*Available data:*
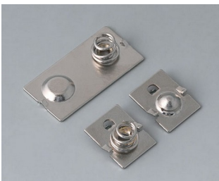
A9190020 Set of battery clips Steel nickel-plated
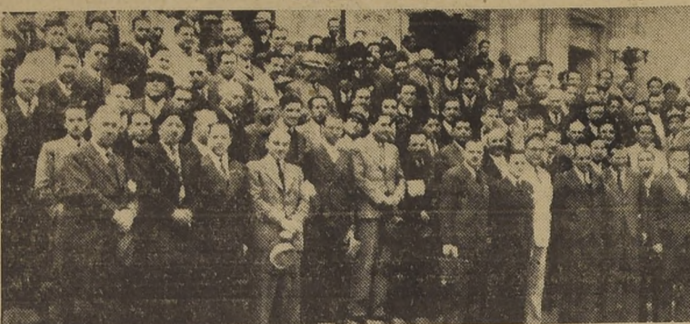
Grupo general de delegados asistentes al Congreso de Municipalidades
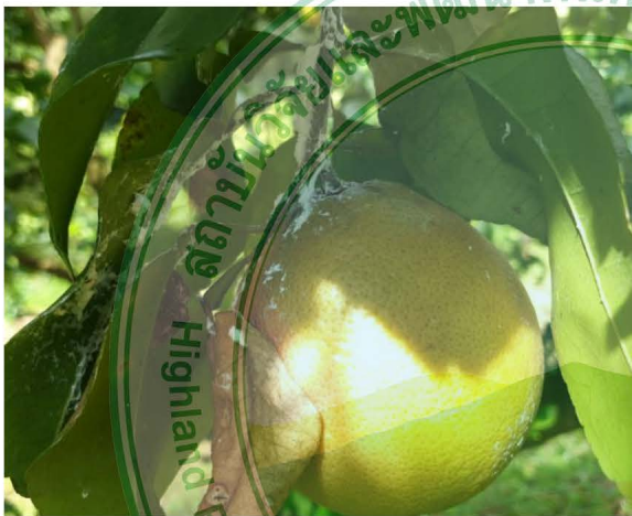
เพลี้ยแป้ง
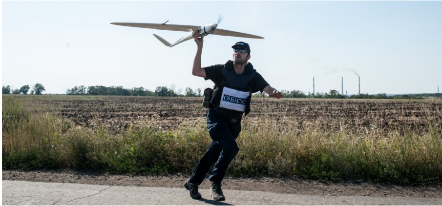
Спостерігач СММ ОБСЄ запускає БПЛА середнього радіуса дії неподалік Щастя (Луганська область).
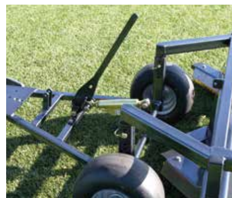
Telaio trainato con sollevamento manuale

*Your instructions:*
Copy each line above exactly, with no images.

*Answer section:*
A9190020 Set of battery clips Steel nickel-plated
Grupo general de delegados asistentes al Congreso de Municipalidades
เพลี้ยแป้ง
Спостерігач СММ ОБСЄ запускає БПЛА середнього радіуса дії неподалік Щастя (Луганська область).
Telaio trainato con sollevamento manuale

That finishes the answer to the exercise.